**Instructions to follow:**
With the pictures set aside, write out all of the data exactly as it stands.

(Data records)
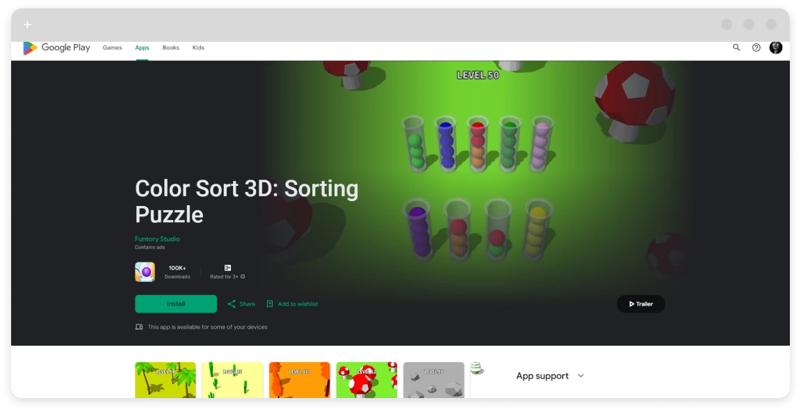 - User feedback: “The 3D version is so calming — finally an ad-free sorting game that looks beautiful” (4.9 stars).
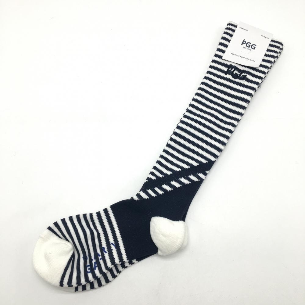 【新品】PGGパーリーゲイツ ハイソックス 白×ネイビー ボーダー レディース ゴルフウェア PEARLY GATES
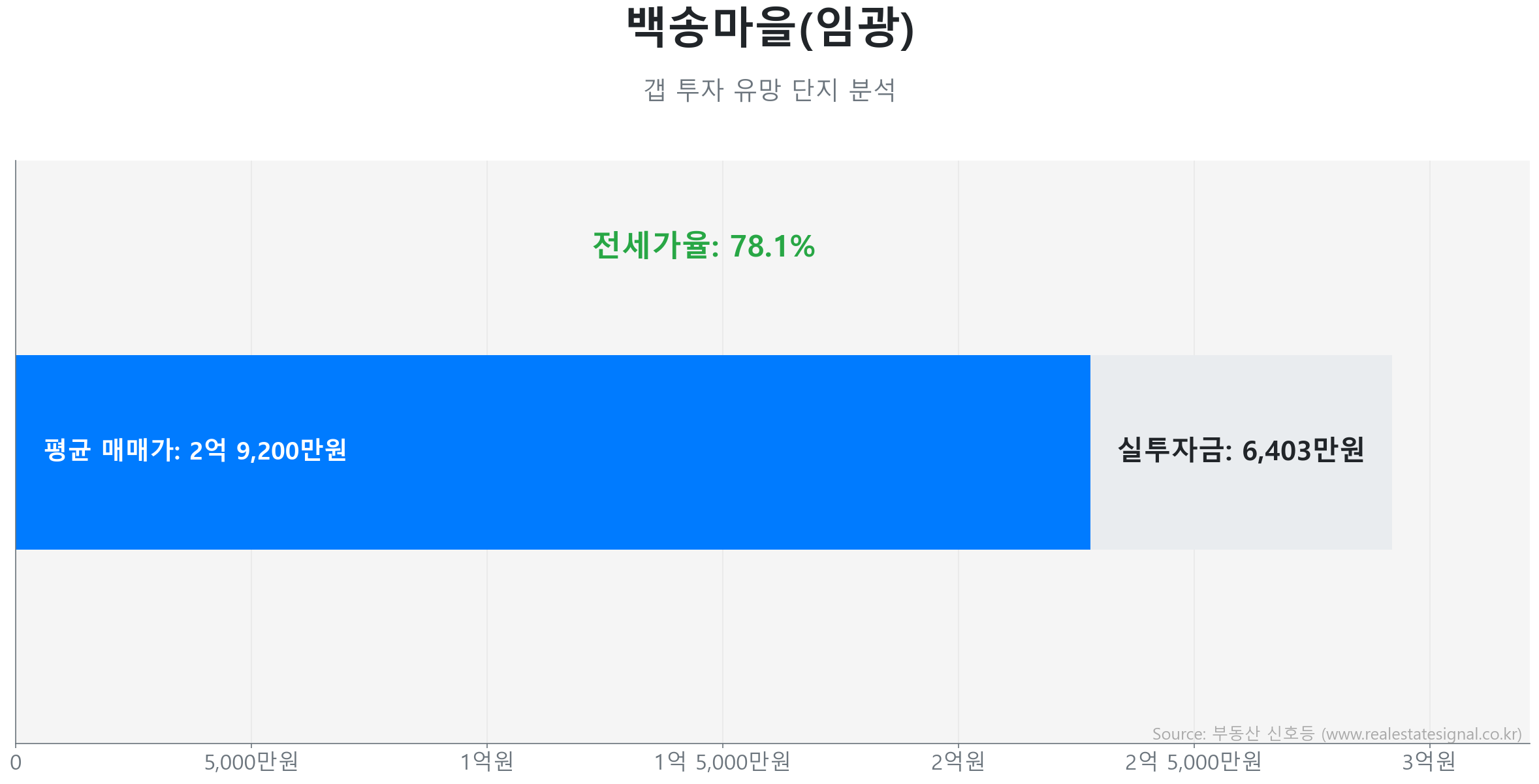 백송마을(임광) 59.0㎡의 갭투자 분석. 전세가율은 78.1%이며 예상 실투자금은 6,403만원.
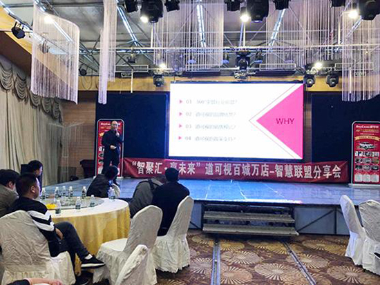 道可視代理商鄭州云游汽車銷售有限公司趙總率先進行道可視智慧聯(lián)盟店政策的主題講演,他表示,2019年道可視將在全國各省地級市舉辦多場招商會,共建立超4000家智慧聯(lián)盟店,他從門店產(chǎn)品的售前準備、售中執(zhí)行、售后服務三個層面進行了更細致化的闡述。
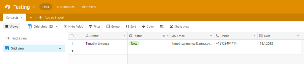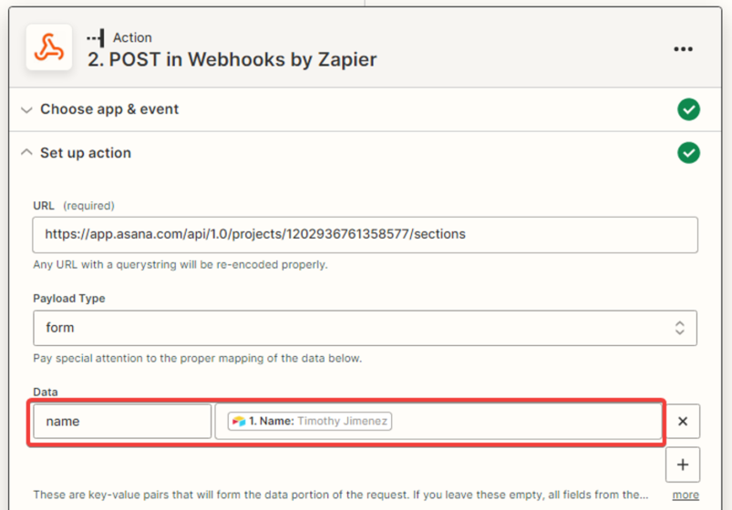 In the “Data” field, enter the parameter “name” and map this parameter to the corresponding Airtable variable.

**Written answer:**
 - User feedback: “The 3D version is so calming — finally an ad-free sorting game that looks beautiful” (4.9 stars).
 【新品】PGGパーリーゲイツ ハイソックス 白×ネイビー ボーダー レディース ゴルフウェア PEARLY GATES
 백송마을(임광) 59.0㎡의 갭투자 분석. 전세가율은 78.1%이며 예상 실투자금은 6,403만원.
 道可視代理商鄭州云游汽車銷售有限公司趙總率先進行道可視智慧聯(lián)盟店政策的主題講演,他表示,2019年道可視將在全國各省地級市舉辦多場招商會,共建立超4000家智慧聯(lián)盟店,他從門店產(chǎn)品的售前準備、售中執(zhí)行、售后服務三個層面進行了更細致化的闡述。
 In the “Data” field, enter the parameter “name” and map this parameter to the corresponding Airtable variable.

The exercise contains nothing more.